While some may feel an effervescent moment in ‘coming out’, LGBTI ideology does not provide lasting enlightenment, freedom or joy. Embracing this ideology is becoming a transitory point in the journey, from which one must leave and travel on, not an endpoint.
James Parker, former LGBTI activist says, “Coming out needs to work in both directions.”
Mr Parker describes experiencing a second and even a third “coming out” when he married a women and “became my truest self in line with my biology and fertility.”
Another man writes in a personal testimony, ”Growing up “gay” I heard the phrase, ‘It’s going to get better’. As a gay male I went about trying to live my ‘true self’… Yet the phrase ‘It’s going to get better’ never came to reality.”
James Parker writes: “Today, I walk alongside many vulnerable Australians, both young and old, who struggle with unwanted sexual attractions and questions about gender.”
People are coming out of the LGBTI community. They are dealing with the same issues but in a radically different way. And LGBTI activists fear them.
In an NBC article, Liam Knox warned readers that stories about detransitioning included “misinformation”, were “fuelling hate” and that the numbers detransitioning were small.
However, Lisa Marchiano, an analyst in private practice wrote in response: “Though the NBC article asserts that detransition is not common, we actually have no idea how widespread the phenomenon is—and we need more research to find out.”
She continues, “most (of the women) I work with are still likely counted by their transition doctors as examples of “successful” transition stories, since they have simply stopped reporting for treatment.”
Studies show attractions can change up until a person’s late 20s and even in mid-life. An article in AARP reporting such stories says these “point to how imperfectly behavioural scientists understand what attracts us to a certain person at one time in our lives, but to a completely different kind of person at another.”
Even betterhealth.vic.gov.au by the Victorian government states, “your sexuality can change over time”.
If there is such a thing as detransition and sexual attractions can change, what is the Victorian government doing legislating laws that permit puberty-blocking hormones being given to a 8-yearr-old with gender confusion? Or double mastectomy of a teenage girl?

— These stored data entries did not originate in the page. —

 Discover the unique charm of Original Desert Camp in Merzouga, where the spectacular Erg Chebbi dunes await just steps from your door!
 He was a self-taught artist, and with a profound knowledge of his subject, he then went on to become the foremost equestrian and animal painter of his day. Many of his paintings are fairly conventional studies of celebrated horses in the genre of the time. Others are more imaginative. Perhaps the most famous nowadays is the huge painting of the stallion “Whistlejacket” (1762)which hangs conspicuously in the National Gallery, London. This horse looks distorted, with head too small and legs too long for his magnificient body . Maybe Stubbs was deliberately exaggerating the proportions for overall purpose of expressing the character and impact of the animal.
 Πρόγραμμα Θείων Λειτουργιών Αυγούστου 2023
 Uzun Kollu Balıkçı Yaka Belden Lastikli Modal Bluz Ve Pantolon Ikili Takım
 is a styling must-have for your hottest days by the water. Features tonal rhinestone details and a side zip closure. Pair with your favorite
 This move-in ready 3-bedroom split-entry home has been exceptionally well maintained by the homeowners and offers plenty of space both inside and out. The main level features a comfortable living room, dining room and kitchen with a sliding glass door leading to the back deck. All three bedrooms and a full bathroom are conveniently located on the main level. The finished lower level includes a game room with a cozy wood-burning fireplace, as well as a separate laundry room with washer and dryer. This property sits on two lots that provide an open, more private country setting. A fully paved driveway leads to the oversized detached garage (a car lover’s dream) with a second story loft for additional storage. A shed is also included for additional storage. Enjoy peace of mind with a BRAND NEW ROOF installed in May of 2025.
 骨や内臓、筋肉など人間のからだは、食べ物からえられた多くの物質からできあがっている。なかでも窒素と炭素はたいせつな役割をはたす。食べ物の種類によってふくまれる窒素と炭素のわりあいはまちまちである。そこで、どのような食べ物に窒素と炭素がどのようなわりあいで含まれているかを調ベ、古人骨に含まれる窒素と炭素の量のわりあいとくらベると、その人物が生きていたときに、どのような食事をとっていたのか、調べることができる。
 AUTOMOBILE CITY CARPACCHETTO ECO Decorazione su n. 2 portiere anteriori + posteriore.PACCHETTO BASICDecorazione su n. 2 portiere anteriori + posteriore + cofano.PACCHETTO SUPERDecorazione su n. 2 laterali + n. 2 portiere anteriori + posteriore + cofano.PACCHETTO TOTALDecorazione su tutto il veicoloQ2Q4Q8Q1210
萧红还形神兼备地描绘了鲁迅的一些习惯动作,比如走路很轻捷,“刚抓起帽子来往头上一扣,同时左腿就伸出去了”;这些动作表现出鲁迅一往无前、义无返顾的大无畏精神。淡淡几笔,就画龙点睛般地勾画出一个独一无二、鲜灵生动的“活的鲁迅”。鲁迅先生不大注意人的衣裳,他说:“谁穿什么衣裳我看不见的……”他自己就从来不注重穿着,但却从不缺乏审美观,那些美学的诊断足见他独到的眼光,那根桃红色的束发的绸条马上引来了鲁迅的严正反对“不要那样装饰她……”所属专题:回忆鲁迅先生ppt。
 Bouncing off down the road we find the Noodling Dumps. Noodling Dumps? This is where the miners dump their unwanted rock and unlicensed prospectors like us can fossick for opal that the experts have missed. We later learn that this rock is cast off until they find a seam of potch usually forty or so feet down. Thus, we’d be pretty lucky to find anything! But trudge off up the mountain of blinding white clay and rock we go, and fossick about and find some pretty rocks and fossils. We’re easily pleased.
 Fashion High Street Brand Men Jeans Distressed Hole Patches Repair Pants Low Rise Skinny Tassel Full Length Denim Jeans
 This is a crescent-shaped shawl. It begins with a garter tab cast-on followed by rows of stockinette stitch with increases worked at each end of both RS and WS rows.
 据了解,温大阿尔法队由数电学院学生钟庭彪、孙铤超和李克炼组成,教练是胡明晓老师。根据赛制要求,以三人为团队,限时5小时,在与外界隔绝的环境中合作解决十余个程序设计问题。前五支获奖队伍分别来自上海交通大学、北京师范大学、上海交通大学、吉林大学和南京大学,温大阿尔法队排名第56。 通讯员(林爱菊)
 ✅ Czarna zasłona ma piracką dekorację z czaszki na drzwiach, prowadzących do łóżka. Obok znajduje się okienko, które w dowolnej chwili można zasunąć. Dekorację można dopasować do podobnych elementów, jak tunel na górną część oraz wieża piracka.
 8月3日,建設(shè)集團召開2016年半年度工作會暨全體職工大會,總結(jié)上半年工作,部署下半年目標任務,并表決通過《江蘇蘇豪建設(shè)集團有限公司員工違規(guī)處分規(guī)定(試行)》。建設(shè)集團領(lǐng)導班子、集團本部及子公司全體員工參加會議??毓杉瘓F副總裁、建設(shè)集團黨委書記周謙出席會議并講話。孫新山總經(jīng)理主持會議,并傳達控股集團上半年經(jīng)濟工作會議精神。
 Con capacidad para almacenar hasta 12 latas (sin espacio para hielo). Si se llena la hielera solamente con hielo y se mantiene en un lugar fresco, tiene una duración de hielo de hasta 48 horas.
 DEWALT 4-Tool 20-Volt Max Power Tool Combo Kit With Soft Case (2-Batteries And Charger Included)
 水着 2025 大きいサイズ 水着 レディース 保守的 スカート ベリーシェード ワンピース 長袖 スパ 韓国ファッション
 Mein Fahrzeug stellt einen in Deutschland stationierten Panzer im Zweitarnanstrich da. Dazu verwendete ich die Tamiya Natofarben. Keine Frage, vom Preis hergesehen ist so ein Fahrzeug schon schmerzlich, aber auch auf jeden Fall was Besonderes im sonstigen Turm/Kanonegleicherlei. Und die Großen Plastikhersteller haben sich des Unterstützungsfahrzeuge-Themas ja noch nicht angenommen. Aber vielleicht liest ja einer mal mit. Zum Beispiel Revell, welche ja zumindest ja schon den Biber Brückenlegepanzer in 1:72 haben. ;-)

What possible benefit can there be in offering irreversible bodily treatments to a child whom everyone knows, it seems, could change its feelings or thoughts about their sexuality in just a few years time? And in direct opposition to the child’s parents, who in many kid’s lives are a frontier of protection against those in the outside world who would wish to exploit them.
The evidence is clear: more harm can come by believing an ideology that says a woman can become a man through bodily suppression than by not believing it.
Could it actually be that the therapy that’s wrong is not the ‘conversion therapy’ which supports those seeking to embrace their biological body, but the therapies in gender clinics seeking to ‘convert’ the body’s biology. At the very least there is strong evidence to suggest that transition therapy is not always right.
The Victorian government’s Change or Suppression (Conversion) Practices Bill is being hailed, applauded and praised around the country.
But the bill is based on LGBTI ideology which is being exposed as tendentious, exclusively supporting gender transition or the ‘affirmative’ approach to gender questioning.
And right now there is a social “phenomenon” moving away from transition. Voices are telling us something is not quite right. Transition can lead to more pain.
Late last year the American Journal of Psychiatry issued a correction to an article that previously advocated gender-affirming surgeries. The correction reads, “that neither “gender-affirming hormone treatment” nor “gender-affirming surgery” reduced the need of transgender-identifying people for mental health services.”
People dealing with questions about their sexuality should have the freedom to believe what they want and seek the support they want.
An underground tide of voices is telling us just that.